Stop the supplement and seek medical advice if you notice symptoms that feel out of proportion or unsafe.

You feel persistently sedated, dizzy, or unsteady the next day: This can raise fall risk, especially later in pregnancy when balance changes.
You develop new or worsening mood symptoms: Increased anxiety, agitation, or depressive symptoms warrant prompt support in pregnancy.
You have palpitations, severe headache, or visual changes: These are not typical melatonin effects and should be evaluated urgently in pregnancy.
Your insomnia is accompanied by loud snoring, gasping, or witnessed pauses in breathing: This may suggest sleep apnea, which needs targeted treatment.

The overall research picture is reassuring, but individualized decision making is still the safest approach. The best plan is the one that improves sleep without adding avoidable risk.

What the research shows: Reviews of human studies have found melatonin in pregnancy is probably safe overall, but they also emphasize that data are limited and that more research is needed on optimal dosing and long term child outcomes (T Vine, 2021, pmc.ncbi.nlm.nih.gov; R Verteramo, 2022, pmc.ncbi.nlm.nih.gov).

Sources & References

Frequently Asked Questions

Is it safe to take melatonin while breastfeeding?
Available clinical evidence suggests melatonin use during breastfeeding is probably safe, but data are still limited (T Vine, 2021, pmc.ncbi.nlm.nih.gov). Because infants are sensitive to sedating exposures, it is best to confirm dosing and timing with a clinician.
Can melatonin cause miscarriage or birth defects?
Current reviews of human studies have not shown a clear signal that melatonin increases miscarriage or birth defect risk, and overall findings have been reassuring (T Vine, 2021, pmc.ncbi.nlm.nih.gov; R Verteramo, 2022, pmc.ncbi.nlm.nih.gov).
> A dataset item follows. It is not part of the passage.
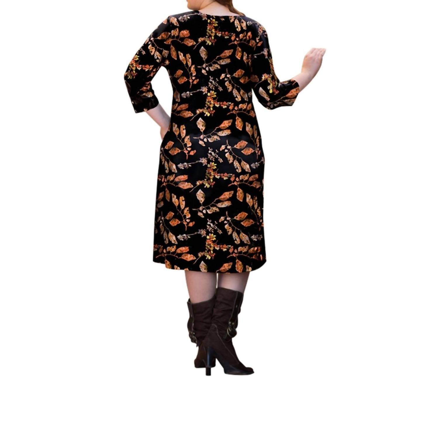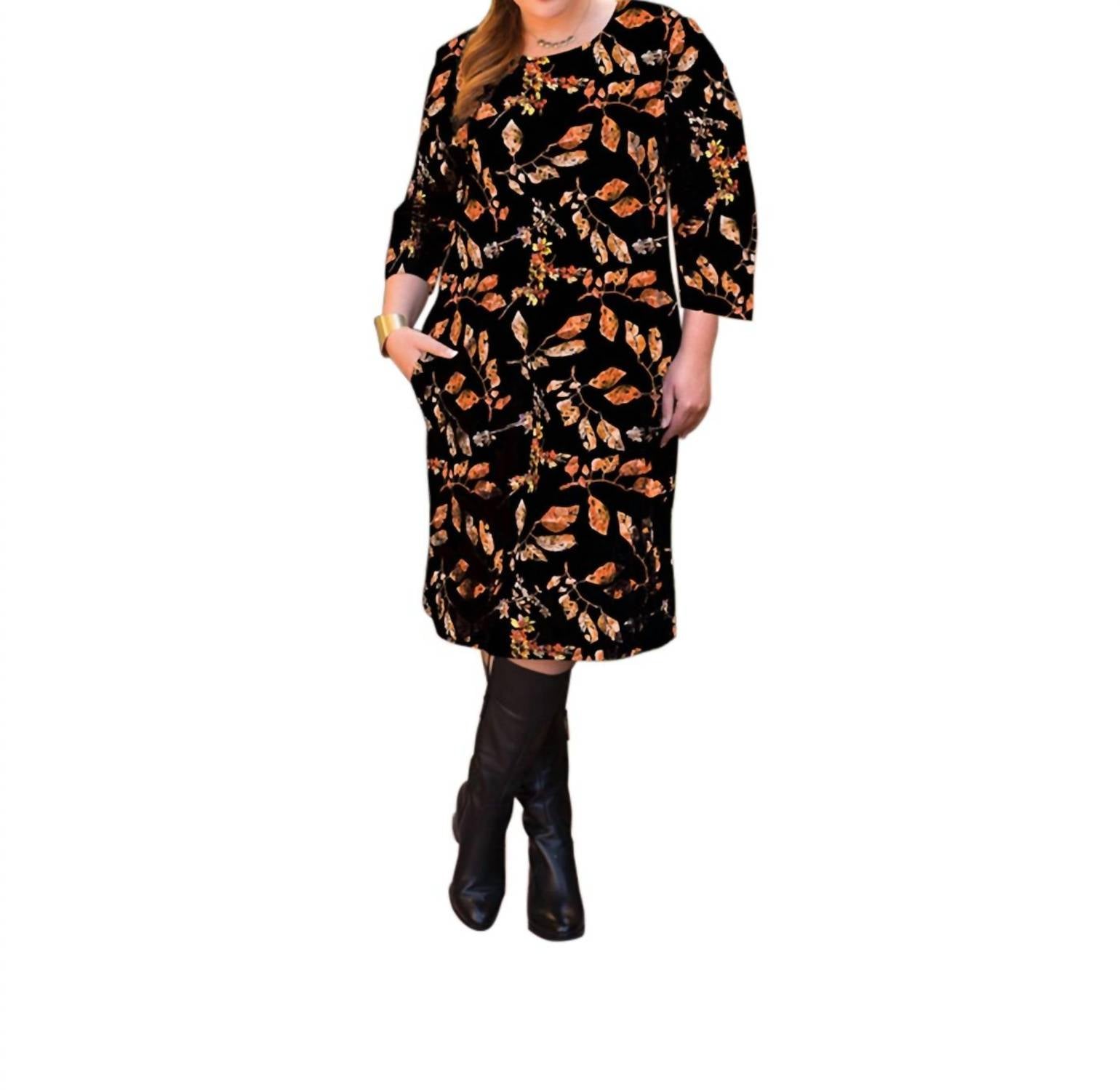 A midi dress so versatile, your options for wearing it are endless.This sheath dress features a leaf print and includes convenient pockets. With a scoop neckline, three-quarter sleeves, and a relaxed fit, it’s perfect for both day and night.​

However, the evidence base is not large enough to rule out all risks, especially with higher doses or long term use.
What if my prenatal vitamin already contains melatonin?
Most prenatal vitamins do not include melatonin, but some specialty sleep products marketed to pregnant people may. If you find melatonin on a label, bring it to your obstetric clinician or pharmacist so they can confirm the dose and help you avoid doubling up with another supplement.
Will melatonin help with pregnancy nightmares or vivid dreams?
Melatonin can sometimes increase dream vividness in some people, which may worsen nightmares rather than improve them. If distressing dreams are disrupting sleep, a clinician can help you look for triggers (stress, reflux, medications) and discuss non drug approaches that support healthier sleep patterns, including [REM sleep](/glossary/rem-sleep).